Per noi, in Occidente, la poiesis non è soltanto un «dire», un «dire» autosufficiente, ma un «fare», un operare concreto. La poiesis in Occidente mette in atto una «pratica» del non dire i significati noti e acclarati, infatti, non dà luogo a significati già noti, ma deve essere intesa come un «dire» significati che un attimo prima dell’atto del gramma non erano neanche immaginabili, quindi per noi in Occidente la parola è un segno, un atto più o meno «arbitrario» nel senso che può conformarsi o no ai significati già noti, un gesto performativo. In questi haiku di De Girolamo invece si ha un esercizio «inoperoso», il «dire» è un «fare inoperoso», un fare ricco di «inoperosità» (nel senso in cui lo intende Agamben), quando si riferisce a «un operare che, in ogni atto, realizzi il proprio shabbat e in ogni opera sia in grado di esporre la propria inoperosità e la propria potenza». (Giorgio Agamben)

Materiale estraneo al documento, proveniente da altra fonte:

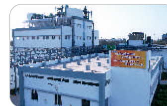
Unit 3 (Plant 1)

The new facility is located in the Ankleshwar GIDC area of Gujarat, India, and is equipped with the latest technology and equipment to produce high-quality APIs and drug intermediates. The facility also has a well-equipped quality control laboratory, where all APIs and drug intermediates are thoroughly tested before being released to customers.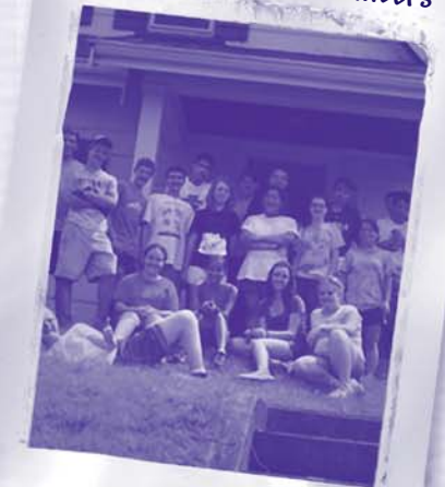
A Group of CHP Volunteers

The Community Development Corporations Association of Greater Cincinnati held its 2010 Annual Award Celebration this past summer to honor the most outstanding community development employees and consultants.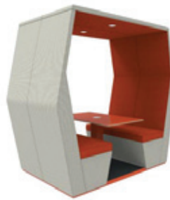
Bill - 4 seat Den

Il modo in cui il pensiero può ancora distinguersi dal comune opinionare è fare ciò che né la doxa né la scienza possono fare. Questo è il compito storico della poiesis: menzionare l’ombra che altro non è che la distanza tra la parola e la medesima parola pronunciata un attimo dopo la prima volta; l’ombra non coincide con il percetto né con l’atto del pensiero ma rivela una distanza, è la difference tra la parola e la ripetizione della parola medesima (1 non è mai eguale a 1). L’ombra è quella realtà che sempre accudisce la forma della luce. Gli haiku di De Girolamo hanno sempre a che fare con l’ombra, non si accontentano dei significati consolidati, anzi, dirò di più, è un raffigurare la distanza tra la parola e la parola ripetuta, è un volgere la raffigurazione all’orlo, al limite, alla condizione di possibilità della significazione.

Muro di sabbia

una mano di piombo

soffoca l’onda.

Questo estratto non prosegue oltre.